Towards an optimal weighting of context words based on distance

  • Authors:
  • Bernard Brosseau-Villeneuve;Jian-Yun Nie;Noriko Kando

  • Affiliations:
  • Université de Montréal and National Institute of Informatics;Université de Montréal;National Institute of Informatics

  • Venue:
  • COLING '10 Proceedings of the 23rd International Conference on Computational Linguistics
  • Year:
  • 2010

Quantified Score

Hi-index 0.00

Visualization

Abstract

Word Sense Disambiguation (WSD) often relies on a context model or vector constructed from the words that co-occur with the target word within the same text windows. In most cases, a fixed-sized window is used, which is determined by trial and error. In addition, words within the same window are weighted uniformly regardless to their distance to the target word.

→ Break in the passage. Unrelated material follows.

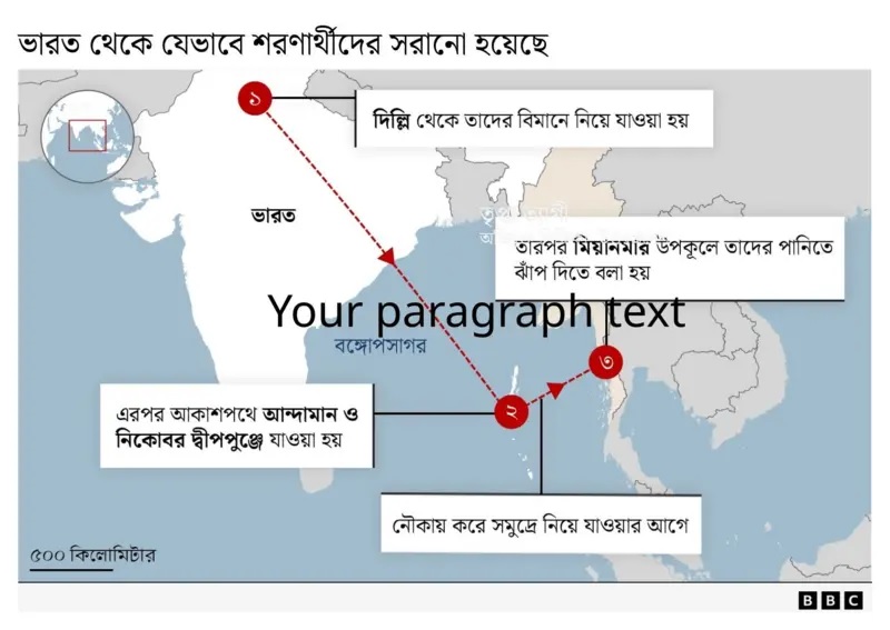 আমরা জানতে পেরেছি, তাদের দিল্লি থেকে আকাশ পথে বঙ্গোপসাগরের এক দ্বীপে আনার পর নৌবাহিনীর জাহাজে চাপিয়ে দেওয়া হয়। শেষে লাইফ জ্যাকেট পরা অবস্থায় আন্দামান সাগরে নেমে যেতে বাধ্য করা হয় তাদের। সেখান থেকে তীরে পৌঁছান তারা এবং এখন মিয়ানমারে অনিশ্চিত ভবিষ্যতের মুখোমুখি হতে হচ্ছে তাদের।
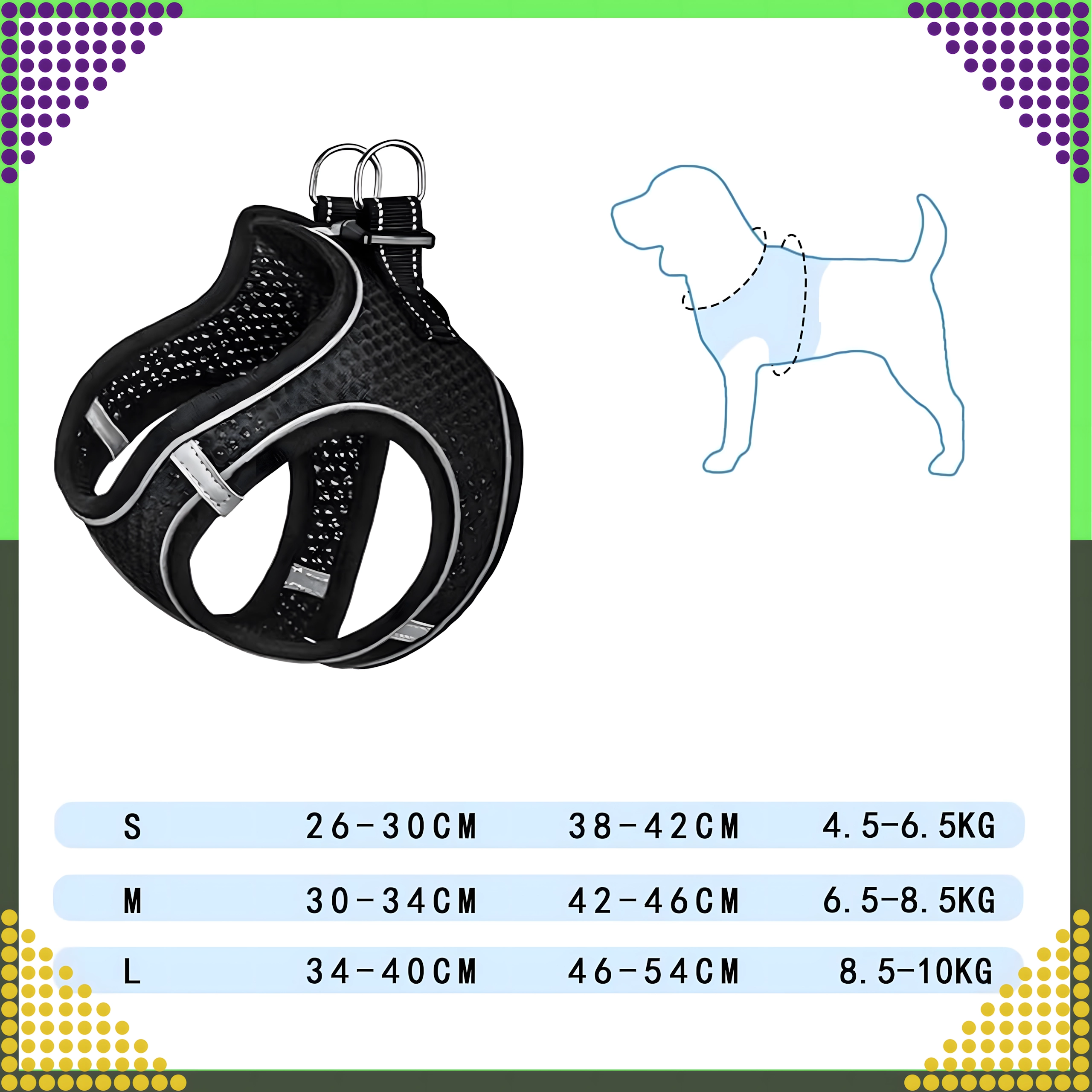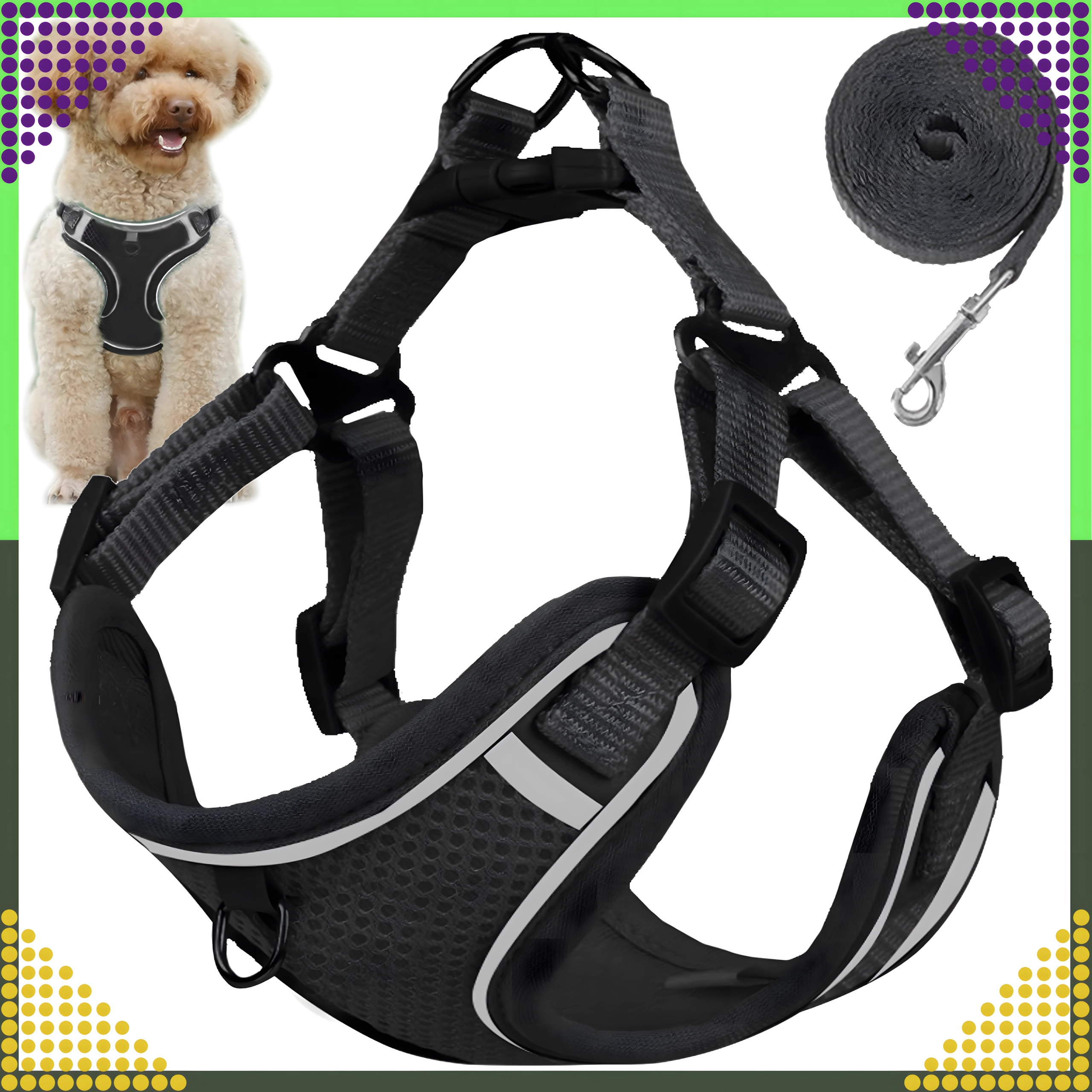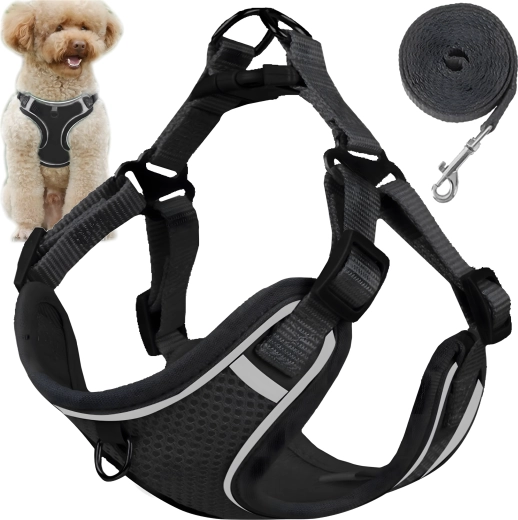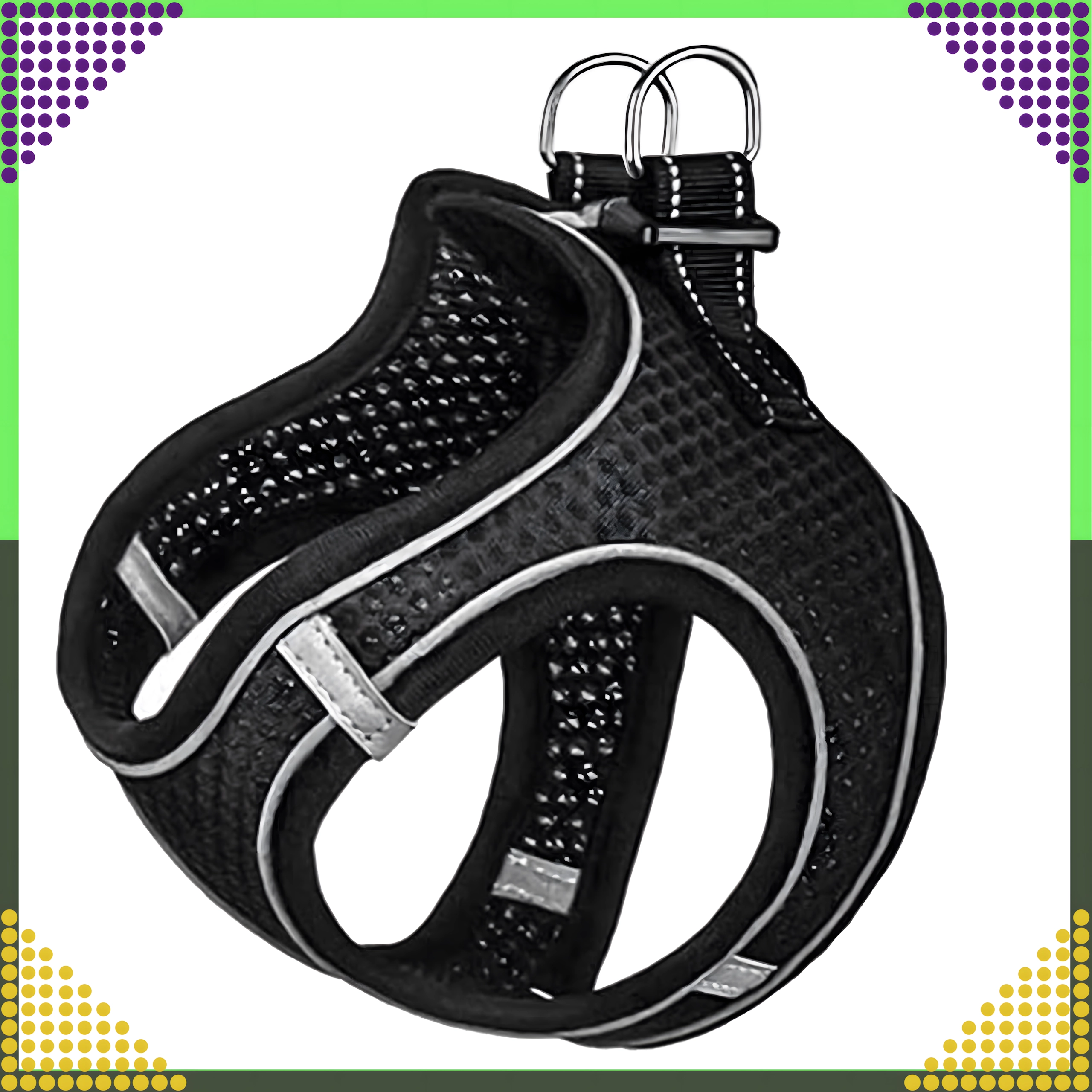 Datorită croielii ergonomice, bretelelor reglabile și închiderii pe spate, hamul se potrivește sigur și confortabil. Inelele D metalice duble oferă o prindere sigură a lesei și control asupra animalului de companie.

Intuitively, it seems more reasonable to assign a stronger weight to context words closer to the target word. However, it is difficult to manually define the optimal weighting function based on distance. In this paper, we propose a unsupervised method for determining the optimal weights for context words according to their distance. The general idea is that the optimal weights should maximize the similarity of two context models of the target word generated from two random samples. This principle is applied to both English and Japanese. The context models using the resulting weights are used in WSD tasks on Semeval data. Our experimental results showed that substantial improvements in WSD accuracy can be obtained using the automatically defined weighting schema.